All the lines below should be set down exactly, with no picture carried into the copy.

§ **MATERIALS PROVIDED**:

#####

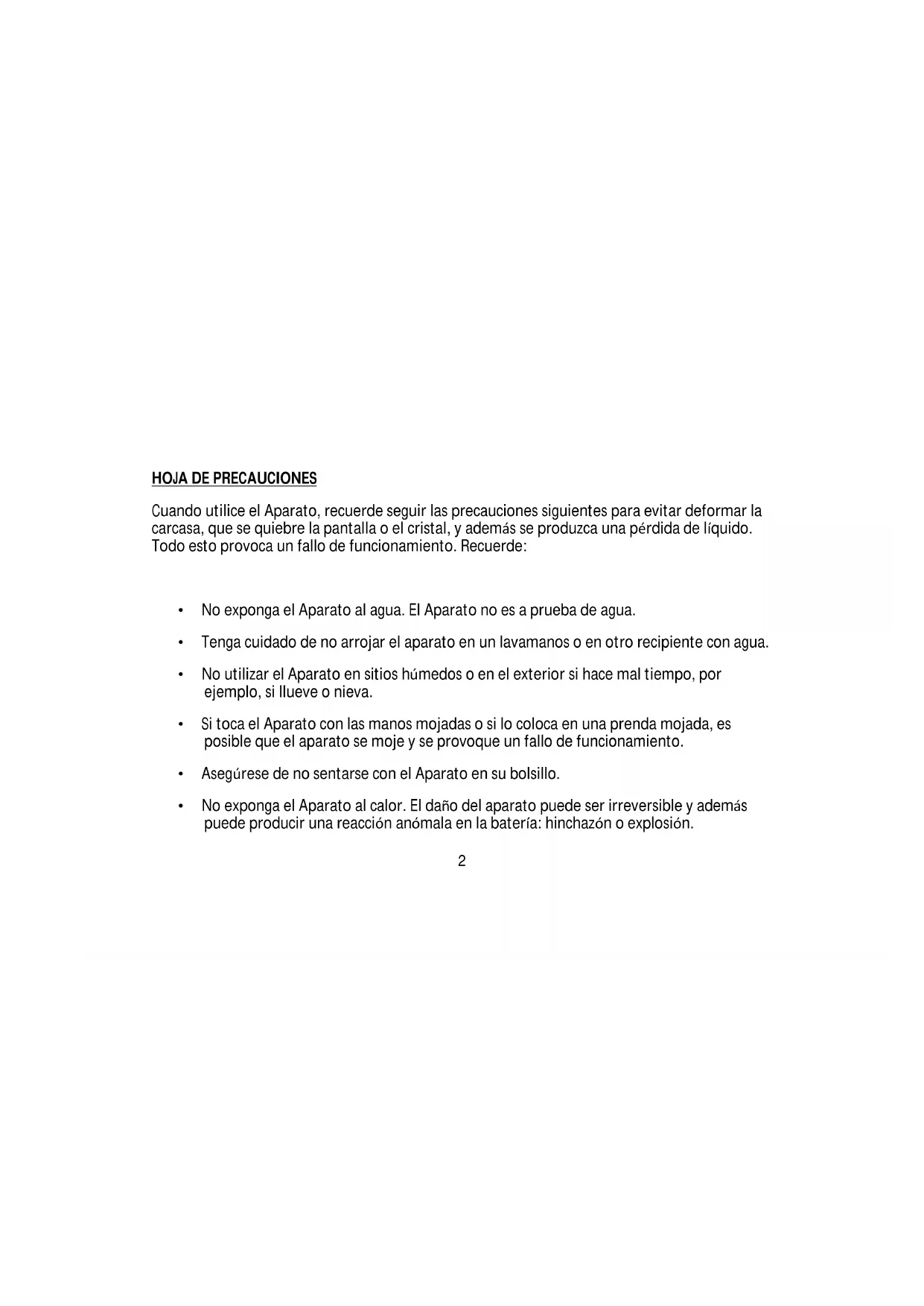 - No exponga el Aparato al calor. El daño del aparato puede ser irreversible y además puede producir una reacción anómala en la batería: hinchazón o explosión.3
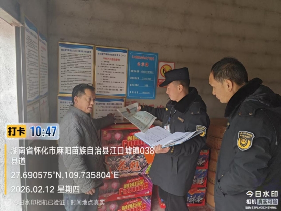 2月12日,麻陽江口墟鎮(zhèn)綜合執(zhí)法大隊(duì)一行到轄區(qū)商鋪、煙花爆竹零售店開展歲末年初煙花爆竹安全生產(chǎn)檢查。
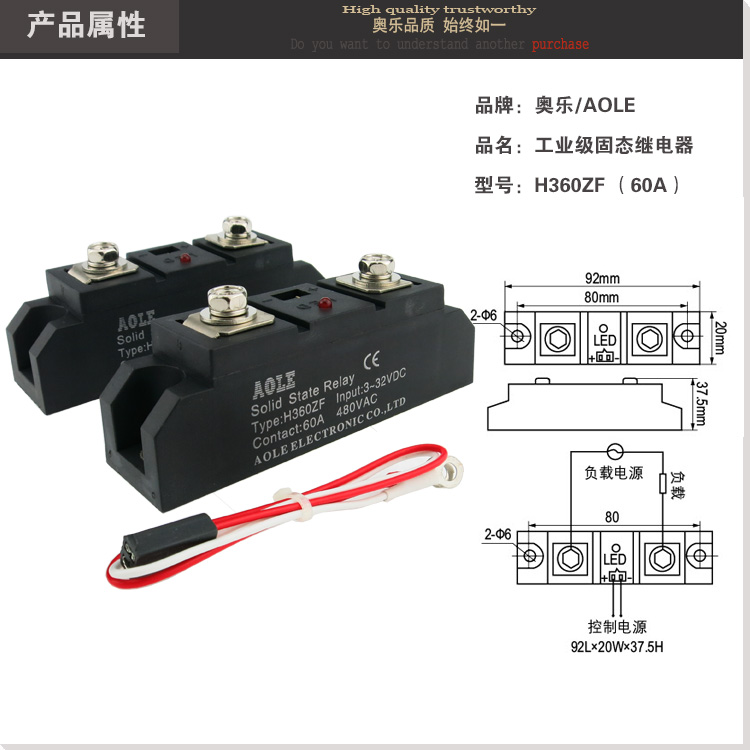 直销奥乐DC-AC工业级模块60A交流固态继电器H360ZF
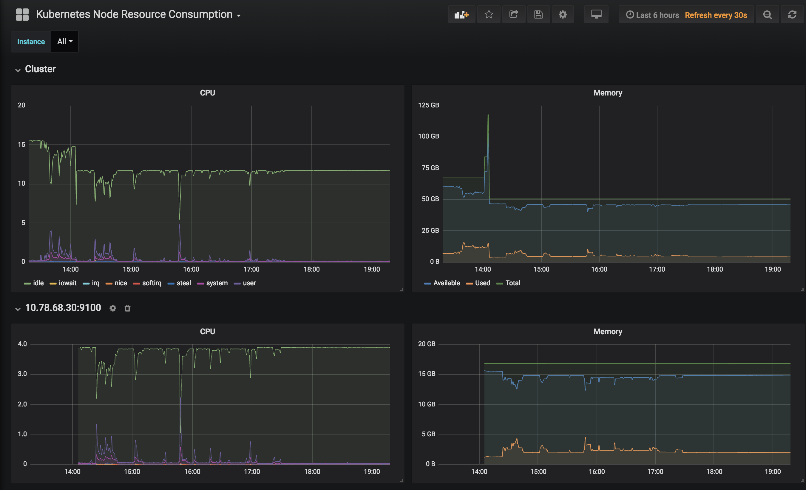 Simple and straight forward Resource consumption charts for an entire Kubernetes cluster and split per cluster node
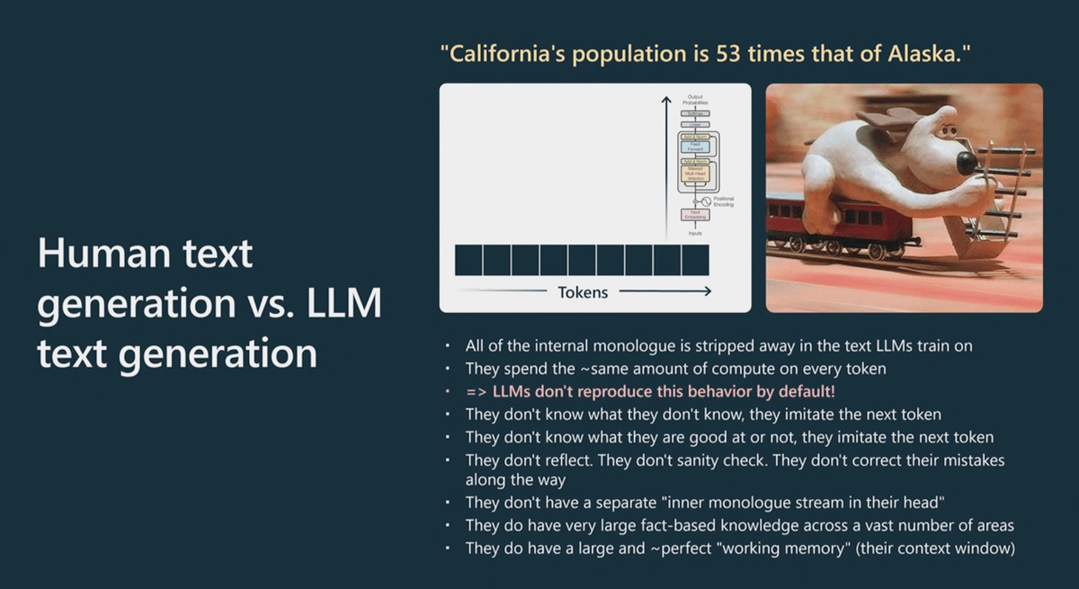 I love it, Andrej uses the Thinking Fast and Slow - system 1 and system 2 models of our thinking to LLMs.

#####

§ **ANSWER SECTION**:
 - No exponga el Aparato al calor. El daño del aparato puede ser irreversible y además puede producir una reacción anómala en la batería: hinchazón o explosión.3
 2月12日,麻陽江口墟鎮(zhèn)綜合執(zhí)法大隊(duì)一行到轄區(qū)商鋪、煙花爆竹零售店開展歲末年初煙花爆竹安全生產(chǎn)檢查。
 直销奥乐DC-AC工业级模块60A交流固态继电器H360ZF
 Simple and straight forward Resource consumption charts for an entire Kubernetes cluster and split per cluster node
 I love it, Andrej uses the Thinking Fast and Slow - system 1 and system 2 models of our thinking to LLMs.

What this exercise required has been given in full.